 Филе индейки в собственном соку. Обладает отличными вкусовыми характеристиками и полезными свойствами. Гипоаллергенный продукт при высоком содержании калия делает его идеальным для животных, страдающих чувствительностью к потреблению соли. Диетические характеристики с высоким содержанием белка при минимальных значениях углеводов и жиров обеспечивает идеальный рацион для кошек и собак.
● ● ● ● ● ● ●
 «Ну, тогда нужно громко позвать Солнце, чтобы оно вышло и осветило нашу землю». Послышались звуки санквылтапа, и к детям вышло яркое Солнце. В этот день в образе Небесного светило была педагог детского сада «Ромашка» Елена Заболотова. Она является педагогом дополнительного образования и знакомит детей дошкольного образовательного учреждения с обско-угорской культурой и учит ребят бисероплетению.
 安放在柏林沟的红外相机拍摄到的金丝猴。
● ● ● ● ● ● ●
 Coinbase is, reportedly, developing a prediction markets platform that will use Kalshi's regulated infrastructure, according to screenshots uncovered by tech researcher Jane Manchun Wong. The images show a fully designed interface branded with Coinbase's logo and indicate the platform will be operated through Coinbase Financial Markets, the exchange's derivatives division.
● ● ● ● ● ● ●
WORK ITEM »
Write out exactly the lines above between the line with "учит ребят бисероплетению." and the line with "安放在柏林沟的红外相机拍摄到的金丝猴。", inclusive, and nothing beyond them.

RESPONSE BELOW »
 «Ну, тогда нужно громко позвать Солнце, чтобы оно вышло и осветило нашу землю». Послышались звуки санквылтапа, и к детям вышло яркое Солнце. В этот день в образе Небесного светило была педагог детского сада «Ромашка» Елена Заболотова. Она является педагогом дополнительного образования и знакомит детей дошкольного образовательного учреждения с обско-угорской культурой и учит ребят бисероплетению.
 安放在柏林沟的红外相机拍摄到的金丝猴。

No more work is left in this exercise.